How far above the earth must an object be in order to lose 30% of its weight?

## Homework Equations

ma=Gm(Mearth)/r^2
a=v^2/r
v=2pir/T

## The Attempt at a Solution

I think the 30% lost weight would be the same as the earth's weight losing 30%. Therefore, I can put Mearth=(0.30)(6x10^24)

We have to solve for r to find the radius and then subtract it from the radius of the earth to find where this object is.

So rearranging the equation we get:
4pi^2r^3/T^2=0.30GMearth/r^2, where T=1 day and needs to be converted to seconds.

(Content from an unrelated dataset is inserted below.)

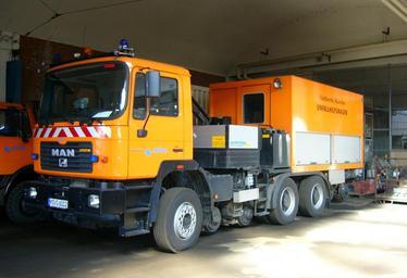 | Keywords: Unfallhilfsfahrzeug.Strab.MVG.JPG A M A N FE 460 heavy technical assistance shunting vehicle 460 hp diesel truck with crane and drawbar for pulling enrailing and shunting trams customized by Schörling Häuslingen Front view Prize 1 7 m ‚¬ Schweres Unfallhilfsfahrzeug der Münchener Verkehrsgesellschaft mit Dieselmotor 460 PS für Straßenbahnen mit Kran Das Zweiwegefahrzeug ist eine Sonderanfertigung von Schörling Fahrzeugbau Häuslingen GmbH Der Kaufpreis betrug nach Angaben der MVG Verkehrsmeister 1 7 Mio ‚¬ Beachte Separate Führerstände für den Betrieb im Schienen- bzw im Straßenverkehr sowie das weiße Dachlicht für den Schienenverkehr Dreilicht-Spitzensignal Das Fahrzeug ist im Schienenbetrieb im Gegensatz zu den meisten anderen vergleichbaren Fahrzeugtypen mit einem Treibradpaar statt einem Laufradpaar versehen sodaß der Antrieb im Schienenverkehr über das Gummilaufrad Straße nicht Schienen angetrieben wird Ansicht von schräg vorn User Mattes own 2006-04-16 <gallery> Image Unfallhilfswagen-Strab Frontal JPG Image UHF Strab Nahaufnahme JPG </gallery> MAN FE 460 A Road-rail vehicles in Germany Schörling-Brock Münchner Verkehrsgesellschaft Unfallhilfswagen Vehicles with blue and orange emergency lightbars Taken with Panasonic Lumix DMC-LC50 Work by Mattes 2006 User Mattes/Contributions/Topics/Transport User Mattes/Contributions/Topics/Germany/München Orange trucks Tram servicing ImageNote 1 945 852 342 277 1916 1314 2 200px ImageNoteEnd 1 |

Finally, we rearrange to solve for r and get:
r=0.30GMearth/4pi^2

berkeman
Mentor

## Homework Statement

How far above the earth must an object be in order to lose 30% of its weight?

## Homework Equations

ma=Gm(Mearth)/r^2
a=v^2/r
v=2pir/T

## The Attempt at a Solution

I think the 30% lost weight would be the same as the earth's weight losing 30%. Therefore, I can put Mearth=(0.30)(6x10^24)

We have to solve for r to find the radius and then subtract it from the radius of the earth to find where this object is.

So rearranging the equation we get:
4pi^2r^3/T^2=0.30GMearth/r^2, where T=1 day and needs to be converted to seconds.

Finally, we rearrange to solve for r and get:
r=0.30GMearth/4pi^2

Time has no place in this calculation.

Don't try to think of it in terms of reducing the mass of the Earth. That's not good intuition.

Use the main equation you list, and calculate the radius that's larger than the Earth's radius that results in the listed decrease in *force*.